(RECORDS FOR THIS EXERCISE begins)

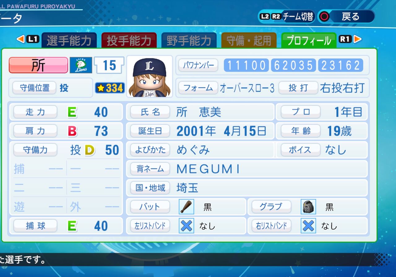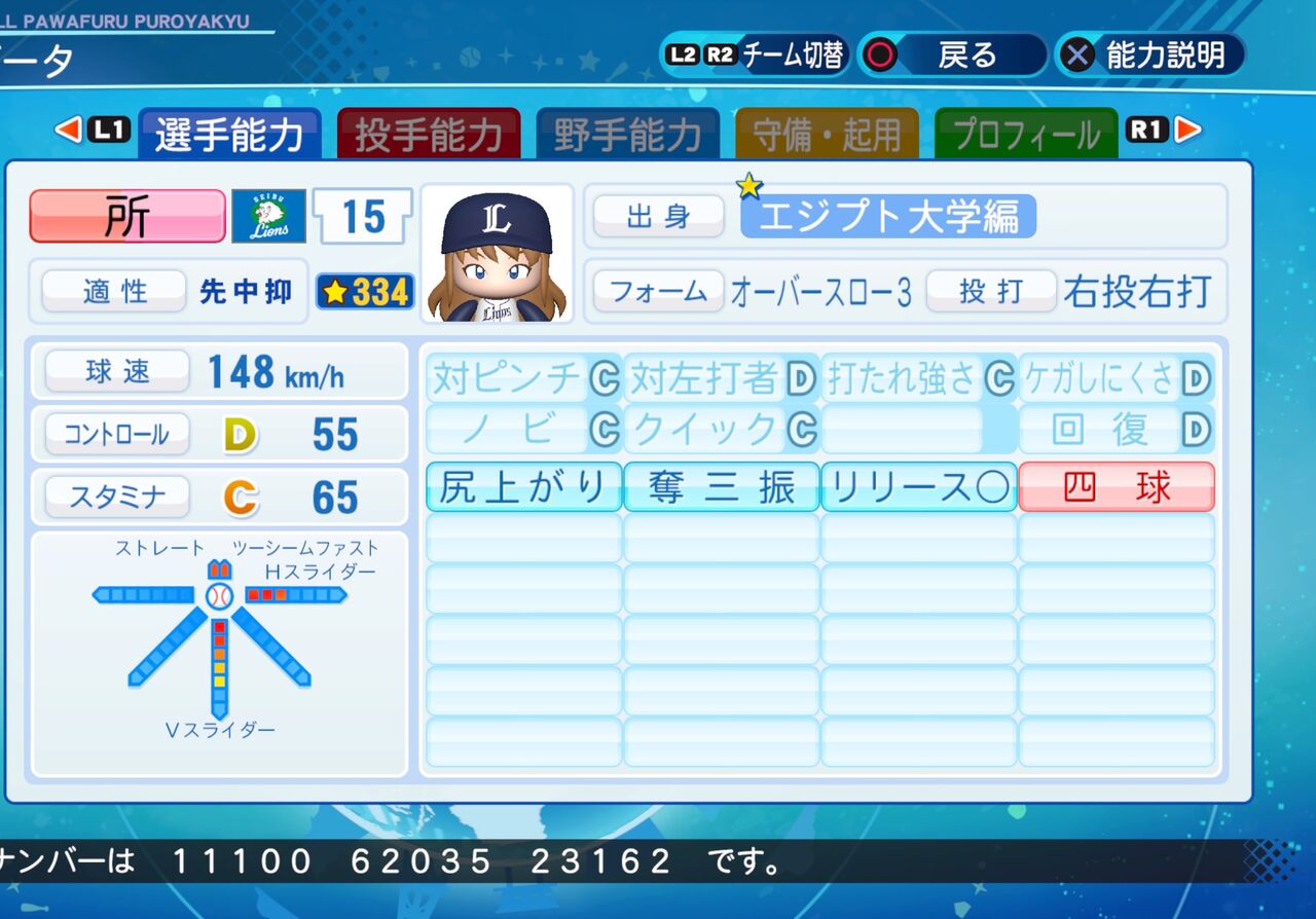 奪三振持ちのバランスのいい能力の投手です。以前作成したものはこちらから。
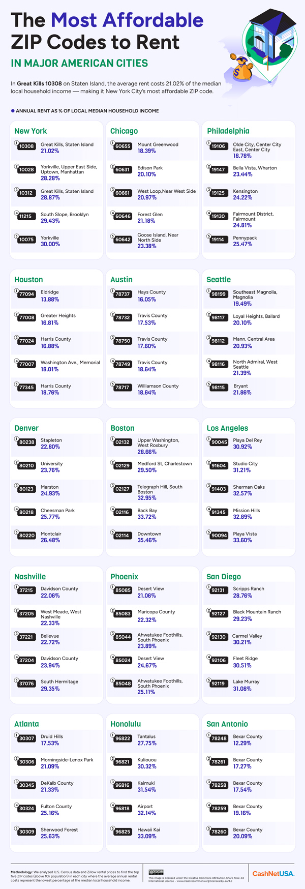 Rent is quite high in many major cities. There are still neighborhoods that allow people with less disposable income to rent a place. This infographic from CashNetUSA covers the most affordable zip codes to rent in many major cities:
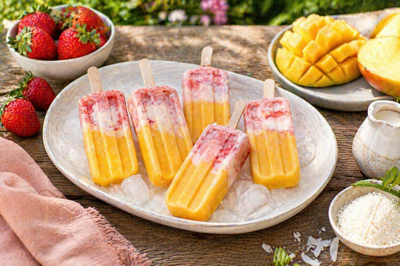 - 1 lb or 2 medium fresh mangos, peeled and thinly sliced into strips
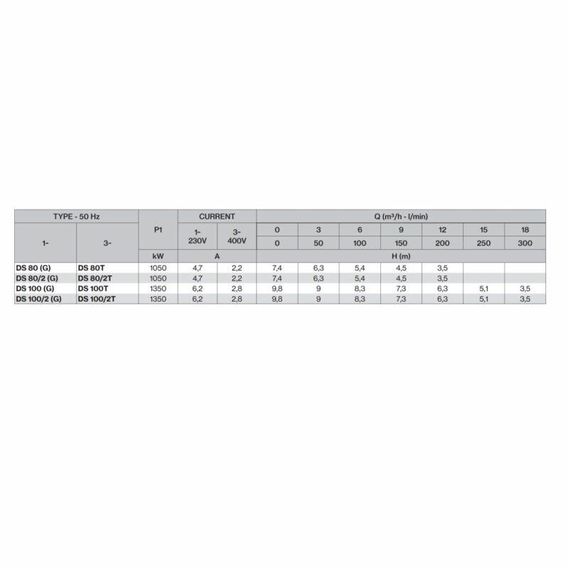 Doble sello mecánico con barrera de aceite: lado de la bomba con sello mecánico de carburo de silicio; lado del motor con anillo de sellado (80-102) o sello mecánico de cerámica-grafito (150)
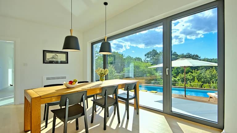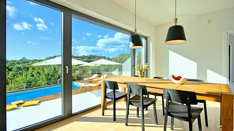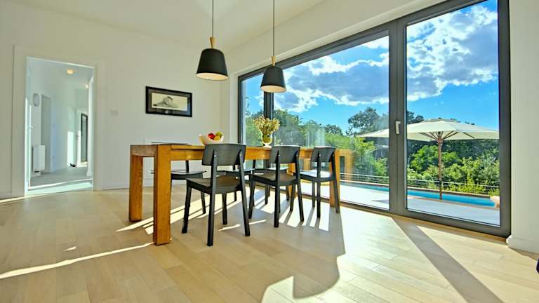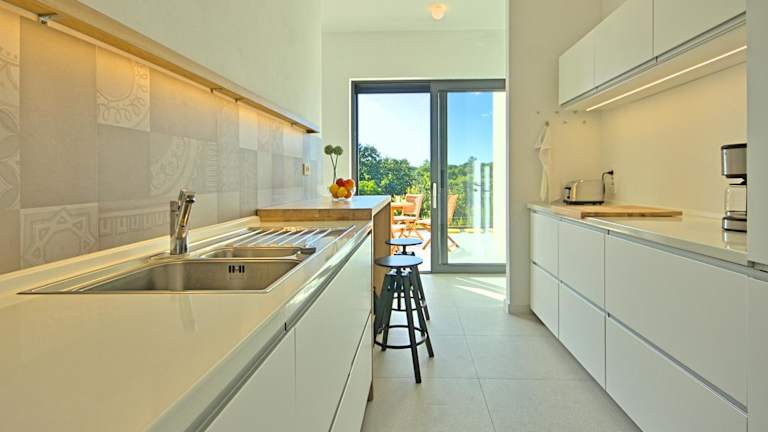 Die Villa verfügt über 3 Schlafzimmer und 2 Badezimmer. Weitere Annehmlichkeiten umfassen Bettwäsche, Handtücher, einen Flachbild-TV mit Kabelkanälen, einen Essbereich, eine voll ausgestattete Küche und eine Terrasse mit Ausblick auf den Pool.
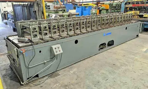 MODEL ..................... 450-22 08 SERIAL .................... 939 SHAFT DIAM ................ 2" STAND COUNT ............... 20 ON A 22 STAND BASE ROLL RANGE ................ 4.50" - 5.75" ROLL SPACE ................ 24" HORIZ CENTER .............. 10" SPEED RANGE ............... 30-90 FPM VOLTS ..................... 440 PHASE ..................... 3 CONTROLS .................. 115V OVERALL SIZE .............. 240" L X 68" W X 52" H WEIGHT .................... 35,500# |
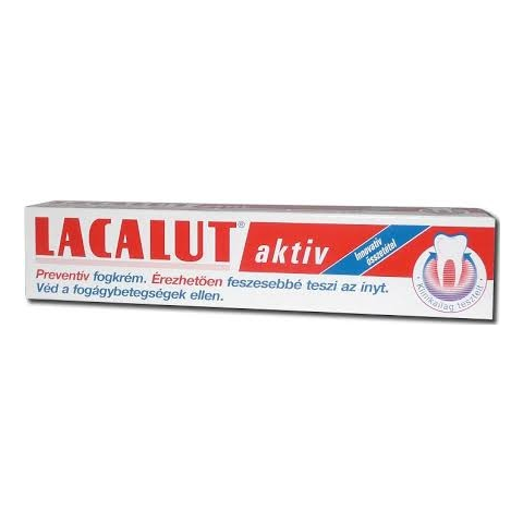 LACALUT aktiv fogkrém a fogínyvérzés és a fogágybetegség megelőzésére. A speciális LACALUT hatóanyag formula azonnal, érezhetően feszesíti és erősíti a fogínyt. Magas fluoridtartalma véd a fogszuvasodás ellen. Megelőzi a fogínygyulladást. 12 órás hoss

(RECORDS FOR THIS EXERCISE ends)
(RECORDS FOR THIS EXERCISE begins)

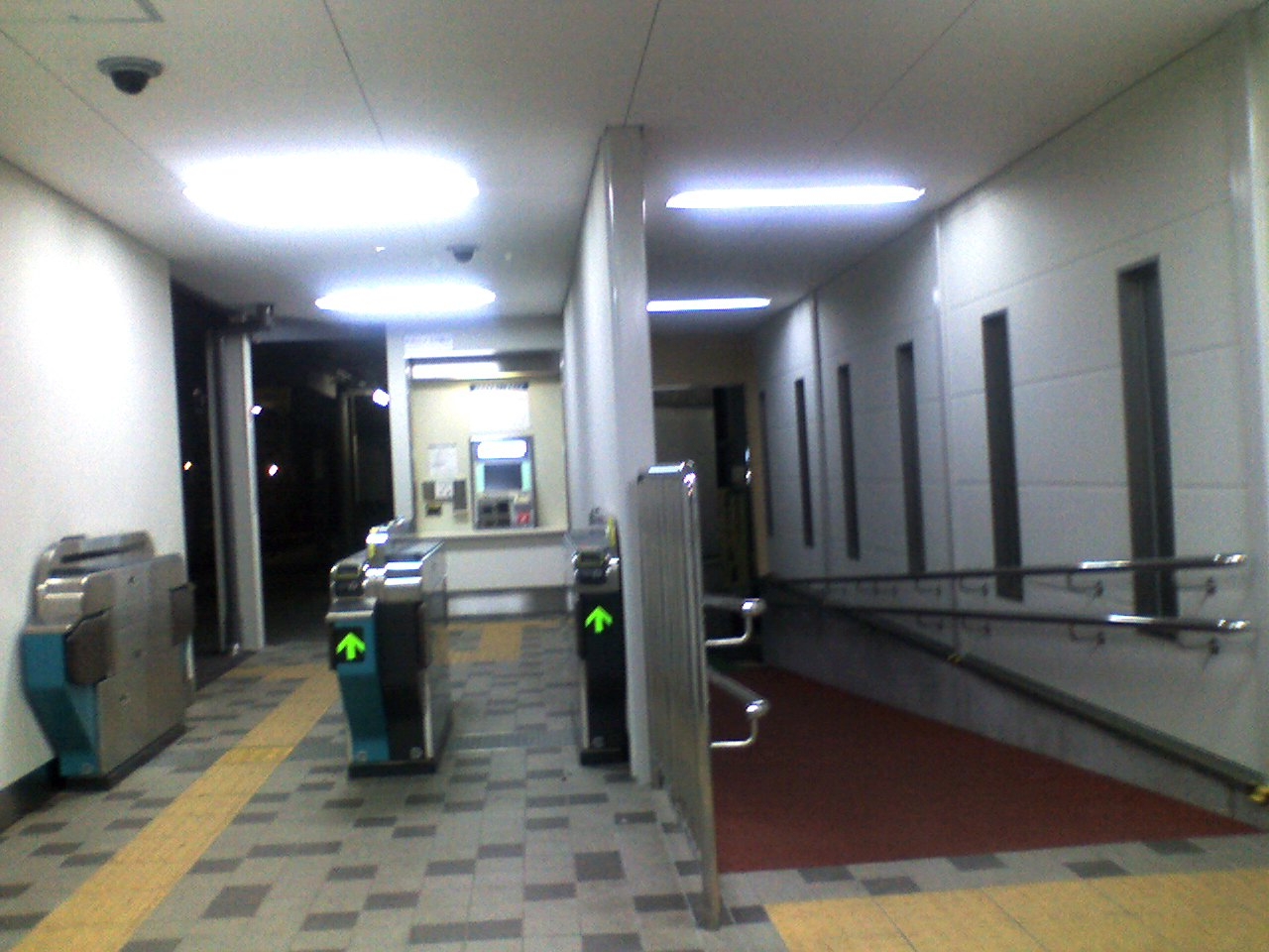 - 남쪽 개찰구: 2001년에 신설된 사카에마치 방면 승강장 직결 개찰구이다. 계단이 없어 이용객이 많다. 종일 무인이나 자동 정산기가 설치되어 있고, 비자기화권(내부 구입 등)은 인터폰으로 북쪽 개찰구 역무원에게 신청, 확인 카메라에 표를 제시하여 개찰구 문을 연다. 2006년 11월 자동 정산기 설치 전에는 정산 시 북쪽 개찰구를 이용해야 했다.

(RECORDS FOR THIS EXERCISE ends)
(RECORDS FOR THIS EXERCISE begins)

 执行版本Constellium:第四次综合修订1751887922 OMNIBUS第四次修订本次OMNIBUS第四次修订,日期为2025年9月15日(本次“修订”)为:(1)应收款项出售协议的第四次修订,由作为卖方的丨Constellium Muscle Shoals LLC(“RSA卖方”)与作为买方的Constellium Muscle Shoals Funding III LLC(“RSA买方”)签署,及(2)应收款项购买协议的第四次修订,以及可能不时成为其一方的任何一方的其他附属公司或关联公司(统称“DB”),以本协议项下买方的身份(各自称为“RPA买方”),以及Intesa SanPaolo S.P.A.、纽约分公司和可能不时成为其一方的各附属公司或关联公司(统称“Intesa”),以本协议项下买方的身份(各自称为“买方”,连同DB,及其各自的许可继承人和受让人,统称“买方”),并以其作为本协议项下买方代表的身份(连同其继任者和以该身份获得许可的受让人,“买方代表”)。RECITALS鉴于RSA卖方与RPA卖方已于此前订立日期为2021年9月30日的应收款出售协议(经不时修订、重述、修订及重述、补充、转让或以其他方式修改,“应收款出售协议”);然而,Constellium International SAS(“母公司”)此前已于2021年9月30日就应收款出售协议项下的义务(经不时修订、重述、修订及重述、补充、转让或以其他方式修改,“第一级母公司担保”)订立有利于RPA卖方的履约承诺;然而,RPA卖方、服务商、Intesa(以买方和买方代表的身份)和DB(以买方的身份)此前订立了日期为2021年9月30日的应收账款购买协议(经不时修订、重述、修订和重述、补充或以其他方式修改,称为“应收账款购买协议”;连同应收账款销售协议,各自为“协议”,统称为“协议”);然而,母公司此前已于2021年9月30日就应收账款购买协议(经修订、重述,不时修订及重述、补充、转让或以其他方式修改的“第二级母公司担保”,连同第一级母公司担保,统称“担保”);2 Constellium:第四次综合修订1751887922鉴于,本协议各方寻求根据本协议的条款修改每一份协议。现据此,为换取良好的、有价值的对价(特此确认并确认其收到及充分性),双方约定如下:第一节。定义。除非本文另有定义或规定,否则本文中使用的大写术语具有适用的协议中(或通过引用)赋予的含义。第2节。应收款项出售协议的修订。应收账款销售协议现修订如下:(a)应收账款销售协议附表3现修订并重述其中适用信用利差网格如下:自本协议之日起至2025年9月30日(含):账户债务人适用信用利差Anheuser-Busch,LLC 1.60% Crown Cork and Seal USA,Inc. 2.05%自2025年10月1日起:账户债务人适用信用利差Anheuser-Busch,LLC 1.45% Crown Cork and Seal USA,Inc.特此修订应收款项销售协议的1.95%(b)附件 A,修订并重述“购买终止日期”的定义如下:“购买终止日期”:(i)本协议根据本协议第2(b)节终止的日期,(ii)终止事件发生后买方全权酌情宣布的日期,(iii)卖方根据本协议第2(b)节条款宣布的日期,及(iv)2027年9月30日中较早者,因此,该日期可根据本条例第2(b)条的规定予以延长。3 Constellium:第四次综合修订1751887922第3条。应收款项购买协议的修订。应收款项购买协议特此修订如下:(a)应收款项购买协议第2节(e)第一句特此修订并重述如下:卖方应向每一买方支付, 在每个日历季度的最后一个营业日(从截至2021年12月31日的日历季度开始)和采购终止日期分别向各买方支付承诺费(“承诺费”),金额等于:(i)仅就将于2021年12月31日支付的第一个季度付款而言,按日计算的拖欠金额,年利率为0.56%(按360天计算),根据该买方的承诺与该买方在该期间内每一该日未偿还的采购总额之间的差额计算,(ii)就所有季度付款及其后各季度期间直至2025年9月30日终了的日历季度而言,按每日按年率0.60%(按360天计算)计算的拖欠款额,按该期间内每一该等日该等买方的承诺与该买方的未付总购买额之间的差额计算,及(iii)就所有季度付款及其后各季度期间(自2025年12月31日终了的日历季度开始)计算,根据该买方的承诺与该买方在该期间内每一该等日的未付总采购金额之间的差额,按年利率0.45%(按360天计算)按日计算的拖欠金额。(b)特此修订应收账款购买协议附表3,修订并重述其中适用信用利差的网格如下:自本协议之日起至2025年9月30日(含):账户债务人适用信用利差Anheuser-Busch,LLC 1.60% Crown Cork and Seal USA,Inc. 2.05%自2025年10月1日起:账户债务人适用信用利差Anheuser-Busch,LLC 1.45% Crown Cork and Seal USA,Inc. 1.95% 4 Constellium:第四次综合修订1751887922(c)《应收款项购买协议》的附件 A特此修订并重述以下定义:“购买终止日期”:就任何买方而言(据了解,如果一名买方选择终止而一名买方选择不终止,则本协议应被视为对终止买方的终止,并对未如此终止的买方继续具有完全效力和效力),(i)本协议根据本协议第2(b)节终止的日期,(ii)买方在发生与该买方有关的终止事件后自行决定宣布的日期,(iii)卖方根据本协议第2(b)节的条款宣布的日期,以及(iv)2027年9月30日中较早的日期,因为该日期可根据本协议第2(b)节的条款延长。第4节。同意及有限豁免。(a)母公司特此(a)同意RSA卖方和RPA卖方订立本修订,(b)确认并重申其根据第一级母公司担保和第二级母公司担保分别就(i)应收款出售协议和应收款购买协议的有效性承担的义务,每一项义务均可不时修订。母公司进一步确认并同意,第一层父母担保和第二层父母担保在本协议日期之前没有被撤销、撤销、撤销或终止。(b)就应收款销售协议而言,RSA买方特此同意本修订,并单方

(RECORDS FOR THIS EXERCISE ends)

Among the records above, locate the line containing "- 1 lb or 2" and the line containing "Doble sello mecánico", then transcribe exactly the lines starting at the first and ending at the second, with no pictures.

### OUTPUT FOR THIS EXERCISE
 - 1 lb or 2 medium fresh mangos, peeled and thinly sliced into strips
 Doble sello mecánico con barrera de aceite: lado de la bomba con sello mecánico de carburo de silicio; lado del motor con anillo de sellado (80-102) o sello mecánico de cerámica-grafito (150)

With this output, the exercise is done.